Processo pratico di rifinitura per il bambù in filo

Poiché il bambù in trefoli resiste all'abrasione (questa è la sua virtù), la rifinitura richiede attrezzature più aggressive e tempi di levigatura più lunghi rispetto al legno duro. Ecco come si presenta un processo professionale:

Ispezione e controllo approfondito: Utilizzare un misuratore di profondità sul bordo della scanalatura della linguetta per verificare lo strato di usura rimanente. È richiesto un minimo di 2,5 mm sopra la linguetta. Pianificare una rimozione di 0,3–0,5 mm per ciclo di rifinitura.
Taglio iniziale: grana 40 o 60: Utilizzare una levigatrice a nastro o a tamburo (non solo orbitale, insufficiente per la durezza del bambù). Lavorare in diagonale con una prima passata di 15° per tagliare uniformemente il rivestimento di ossido di alluminio.
Passaggi intermedi – grana 80 e 100: Allineare con la direzione delle venature. Il bambù in filo mostra motivi di fibre visibili: la levigatura crea micrograffi visibili sotto gli strati di finitura.
Screening finale — grana 120: Lucidare il retino utilizzando un tampone rotante per uniformare la struttura della superficie prima del rivestimento. Passa l'aspirapolvere e fissa l'intera superficie con un panno: la polvere di bambù è più fine del legno e si deposita più in profondità nella struttura.
Completare l'applicazione: Applicare 2-3 mani di poliuretano modificato con olio o di poliuretano a base d'acqua (quest'ultimo si asciuga più velocemente e ha un effetto meno ambrato sul bambù naturale/chiaro). Lasciare asciugare completamente: 24 ore tra una mano e l'altra, 72 ore prima del traffico pedonale leggero, 7 giorni prima della sostituzione dei mobili.

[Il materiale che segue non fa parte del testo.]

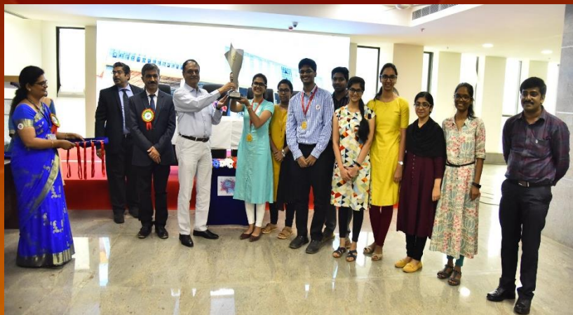
Winners of Cerebration 2nd Colloquium 2020 - Rangaraya medical College, Kakinada
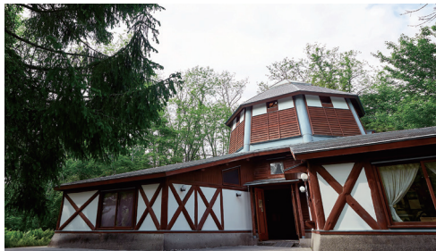
Museum Park Forest of Muse

The area around Lake Shiozawa is also known as a cultural area, dotted with art museums, literary museums, parks, and other facilities. In addition, the sports park in the Kazakoshi area allows visitors to enjoy a comprehensive range of sports, especially ice sports.
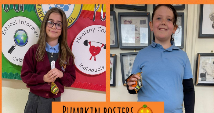
PUMPKIN POSTERS 🎃

Llongyfarchiadau to the winners of the Friends of Whitchurch Primary pumpkin colouring and pumpkin carving competitions! Our School Council members had the difficult job of choosing from so many fantastic entries. Da iawn to everyone who took part!
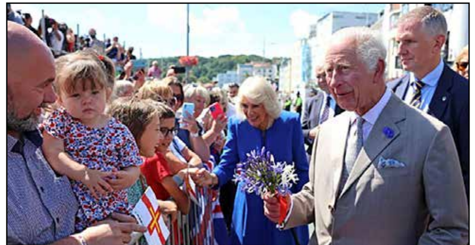
ISLAND DELIGHT: The royal couple enjoyed a joyous, sunny welcome

Before you list your home for sale, get this FREE report with excellent intel & advice on how to sell your home for the most money and how to avoid common & costly mistakes. Free recorded message 310-895-9018 EXP Realty dre#01839192
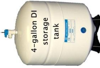
4-gallon DI storage tank
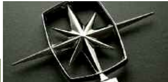
1958-60 "Premiere" Hood Ornament XXHO0016B
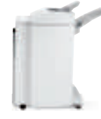
High Volume Finisher
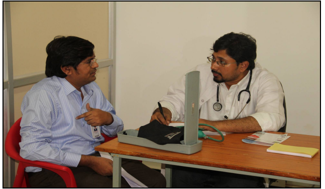
Doctor's team inspecting the patients
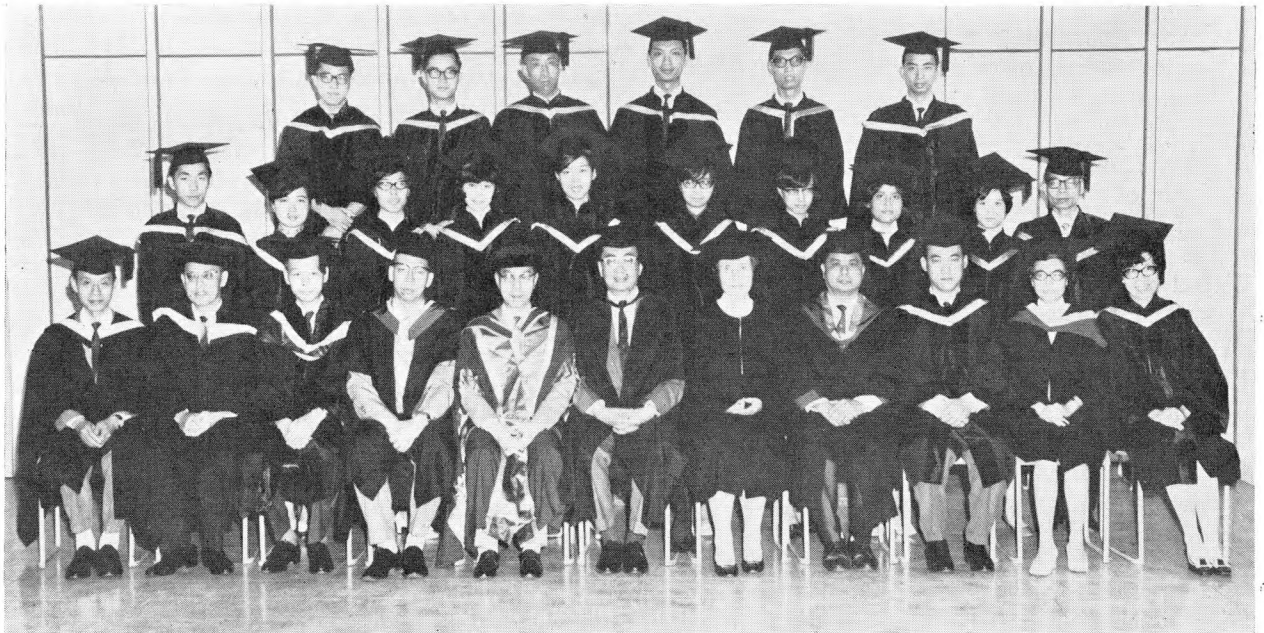
影合生師體全屆三第院學育教 Staff and Graduates of the School of Education, 1967-68.
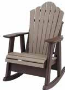
Snuggle-Back Rocker #SBR - 47 29" W x 32" D x 42" H Seat - 17" H (47 lbs.)
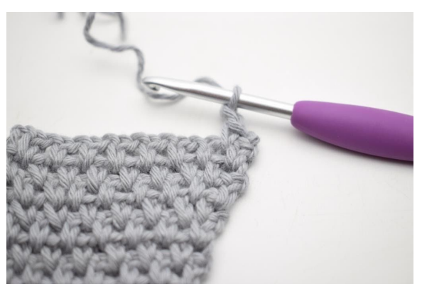
65. Ch 1 and work the 2 next ch-space tog.
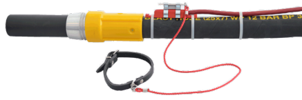
1203011 E-DMS magnetic with clip
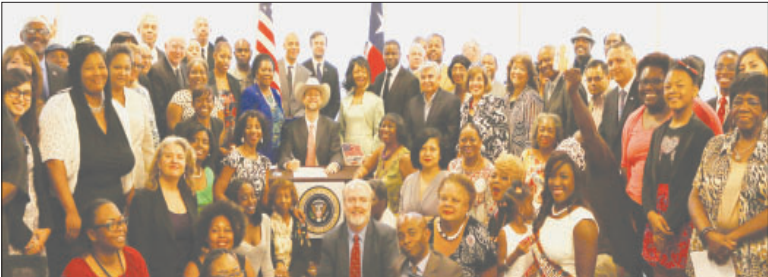
Participants of the Voting Right Act reenactment at Houston's Federal Building. Congresswoman Sheila Jackson Lee centered in blue sponsored the event.
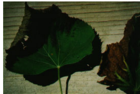
Figure 10. Leaf scorch.

Leaf scorch is a foliar problem caused by insufficient soil moisture. In aspens leaf scorch is usually limited to ornamental situations. Leaf margins are killed (Figure 10) when the tree cannot supply enough moisture to the leaves during hot, dry weather, especially when it is windy. Leaf scorch is aggravated by iron deficiency. Proper watering—enough to saturate the tree’s root zone—can prevent further damage.
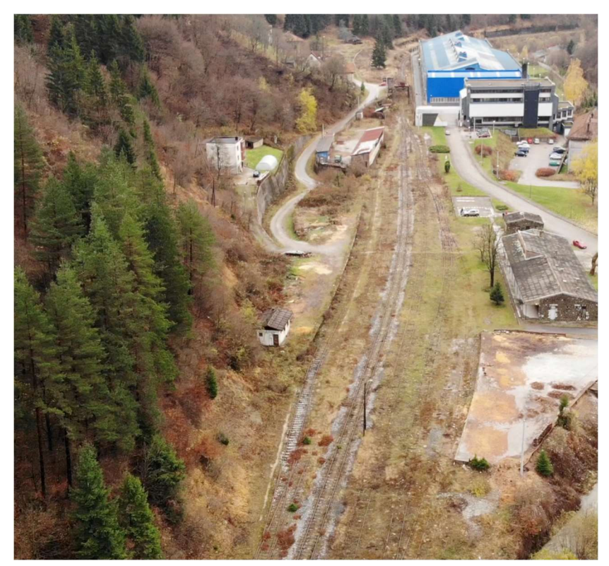
Drone photo of the Vares Majden Railhead

An independent survey is due to be conducted within the next month on the 25km of dedicated rail line from Vares Majden to Podlugovi, south of Breza, where it connects to the wider domestic Bosnian railway network.
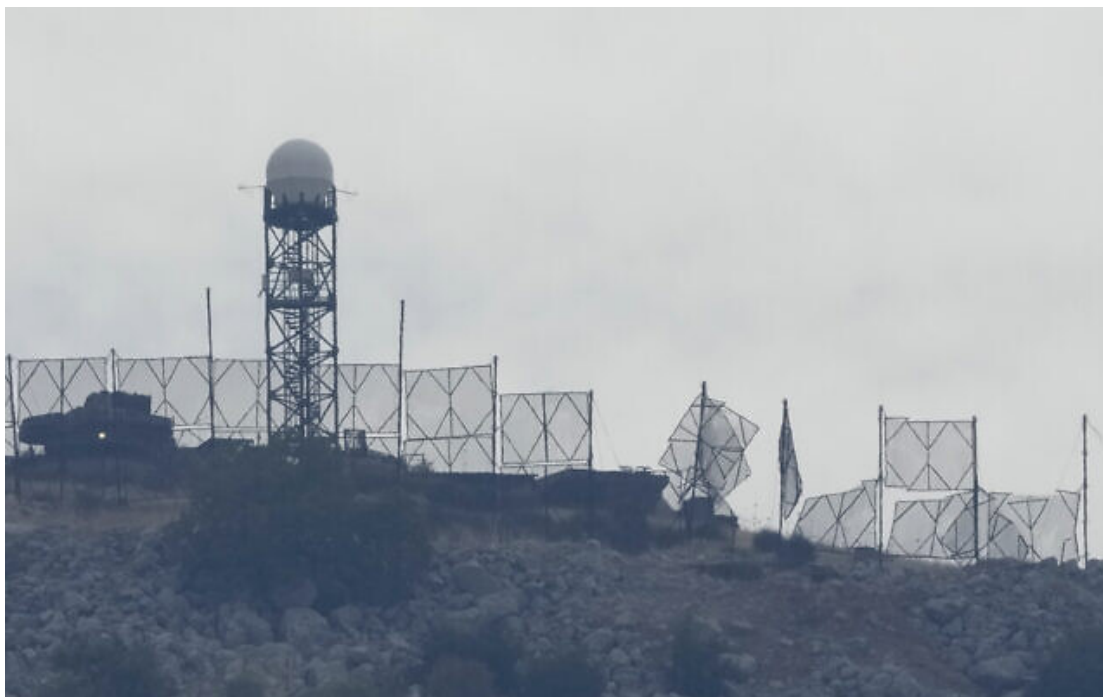
The fence of an Israeli military position is seen damaged after Hezbollah targeted it by rockets on Mount Dov on the Lebanese border, Oct. 8, 2023.

The Israel Defense Forces says it fired warning shots toward Hezbollah members who were attempting to rebuild the tent on the Lebanon border after it was bombed earlier in response to a mortar attack.
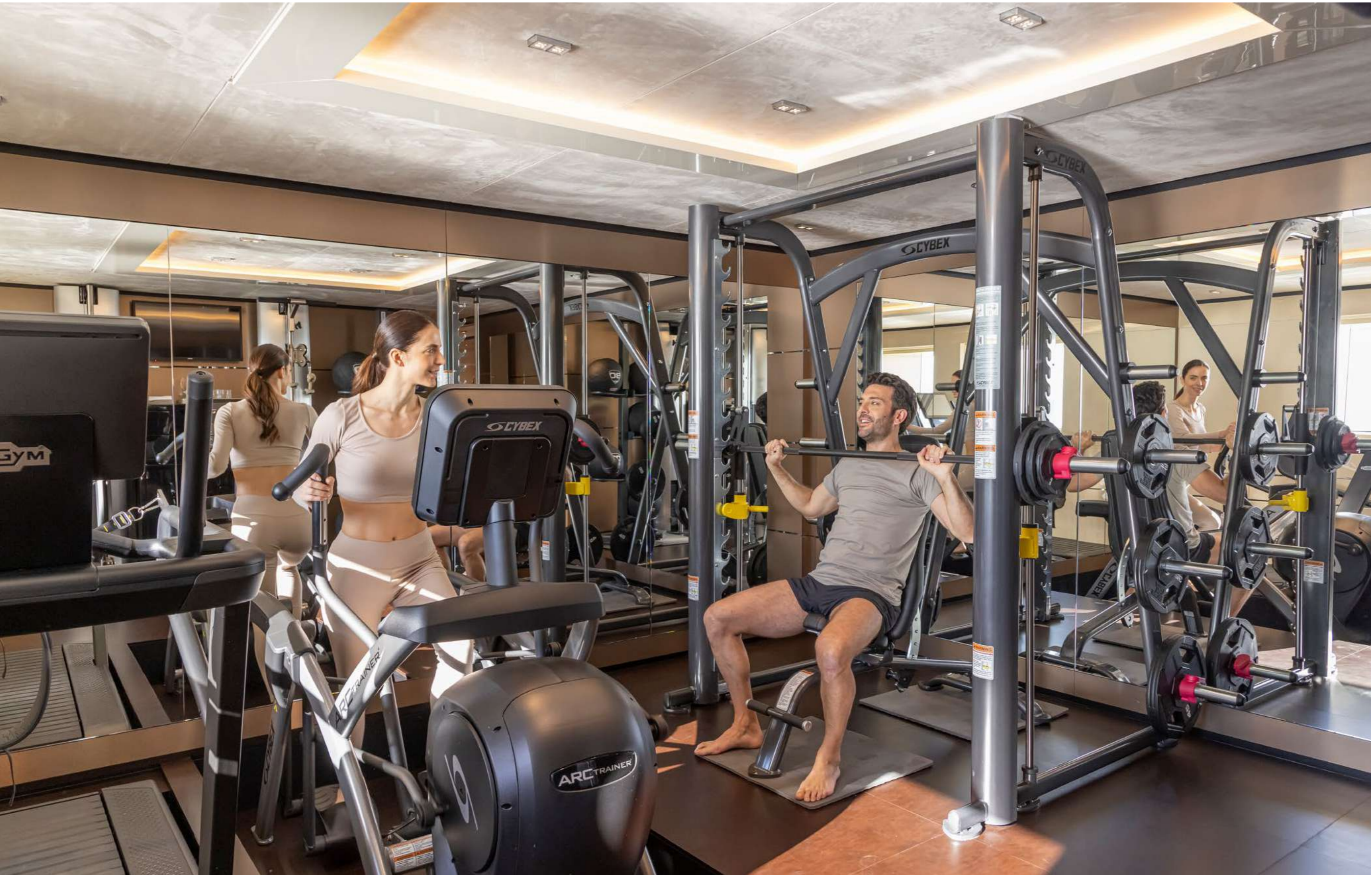
Fully equipped gym at the main deck | Gym Equipment: Treadmill, Elliptical, Pulley, Mats, Free weight, Bench
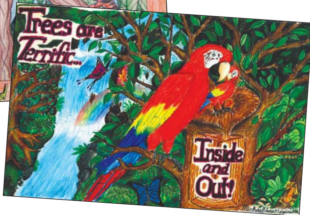
(Below) 2008 Texas State Winner
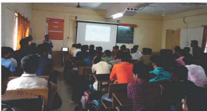
JIG AND FIXTURE DESIGN
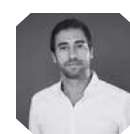
Mathieu Flamini International footballer
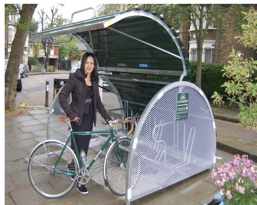
Secure Bike Hanger for 4 bikes.
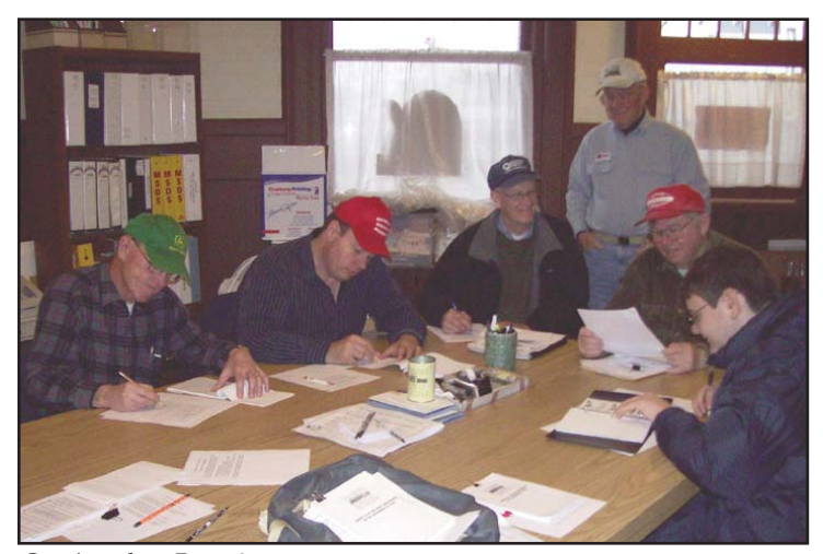
Continued on Page 6
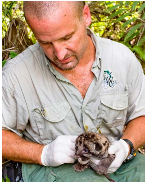
A Florida state wildlife worker examines a panther kitten.

Most wildlife rehabbers work with animals that are indigenous , or native to the region where the rehabbers work and live. They have special permits and licenses to treat these animals. To work with exotic animals, which are non-native animals that have migrated or been brought to the region, a rehabber requires special training with those animals as well as special licenses and permits.
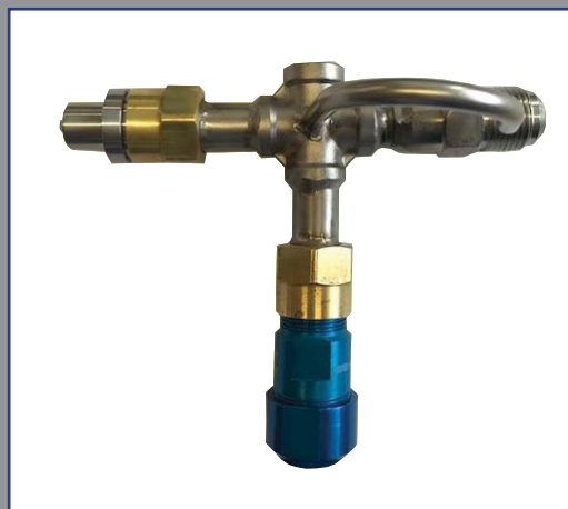
Caire / PB Dual Fill Head P714
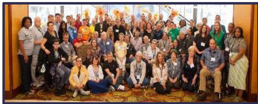
2015 | Houston
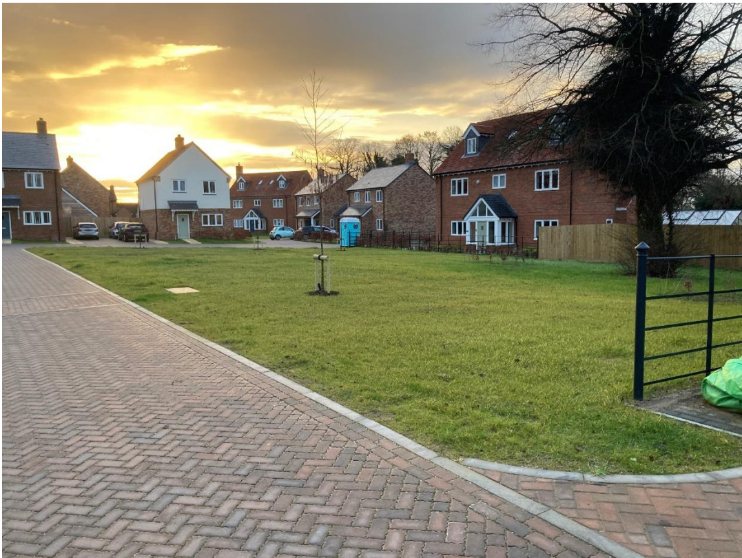
Little Martins Green
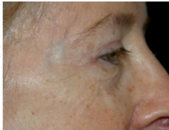
Figure 4. One year later with no surgery peeling or anything else except daily skin care enhanced by using the Cosmetic Skin Roller
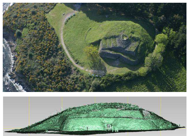
Figure 1. Gavrinis passage tomb under the cairn restored in façade (aerial photo CG56)

3 km away from Gavrinis. A perfect correspondence between the truncated engraving of an animal (caprine) known from the XIXth century, and its graphic continuation recorded in Gavrinis' roofstone made it possible to join these two broken fragments of an ancient single stele.
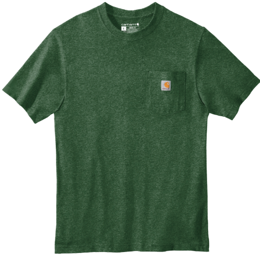
CARHARTT® Workwear Pocket Short Sleeve T-Shirt CTK87 | Adult Sizes S-4XL | 11 Colors
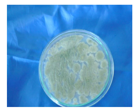
f) Aspergillus flavus
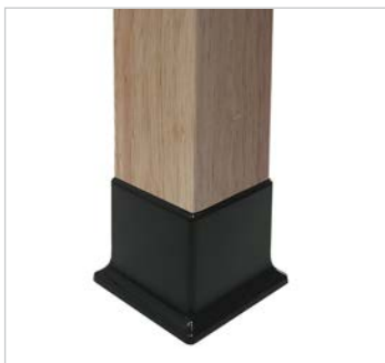
2 1/4" Solid Hardwood Legs
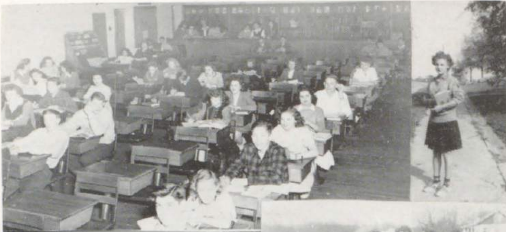
Studying ? ?
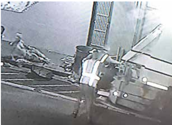
4:25 am - City Refuse crew collects bagged trash, leaves trash that was strewn about by homeless people. Homeless camper looks on.
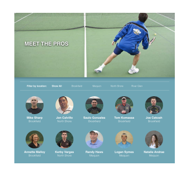
Click here to meet the rest of the Elite team!
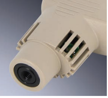
PosiTector DPM D includes 1/2" NPT threads PosiTector DPM IR probe includes a noncontact infrared surface temperature sensor.
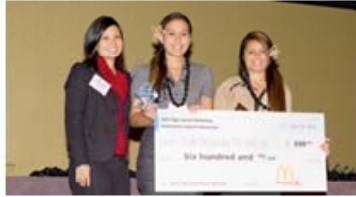
2nd Place Team Missing Polynesia (Missing Polynesia) Kapolei High School
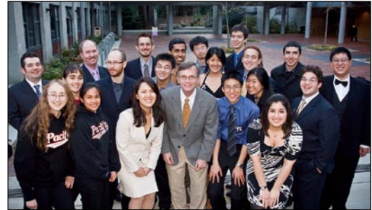
District 15 leaders gathered in Santa Cruz to enjoy the installation of California Alpha Delta Chapter on March 8, 2008.

The 2007 Convention: approved one amendment to the Constitution and Bylaws of the Association, which was ratified by the chapters, to clarify the proof of eligibility of graduate students; decided to use the standard reimbursement schedule for the 2008 Convention; accepted three appealed
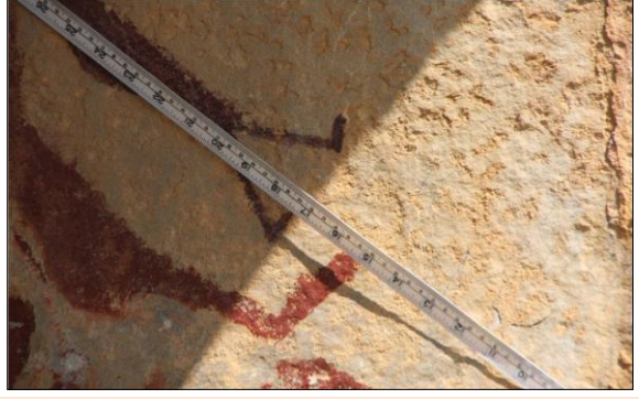
Figure 4: This equinox panel photo was taken 21 September 2012 at 15:38:16 CST, 20:38:16 UTC, the day before the equinox. The sun line has reached the rear foot but is clearly away from the upper heal of the figure; see Figure 5, taken the day after the equinox for comparison.

Un tipico pavimento in bambù massiccio spesso 14 mm può essere rifinito 2-3 volte nel corso della sua vita prima che lo strato di usura diventi troppo sottile, garantendogli una vita funzionale totale di 40-60 anni se mantenuto correttamente.

Come installare pavimenti in bambù intrecciati

Pavimenti in bambù intrecciato può essere installato in tre modi: flottante (blocco a clic), incollato o inchiodato/graffato. Il metodo giusto dipende dal tipo di sottopavimento, dalle specifiche del prodotto e dal fatto che il pavimento si trovi sopra, sopra o sotto il livello del suolo.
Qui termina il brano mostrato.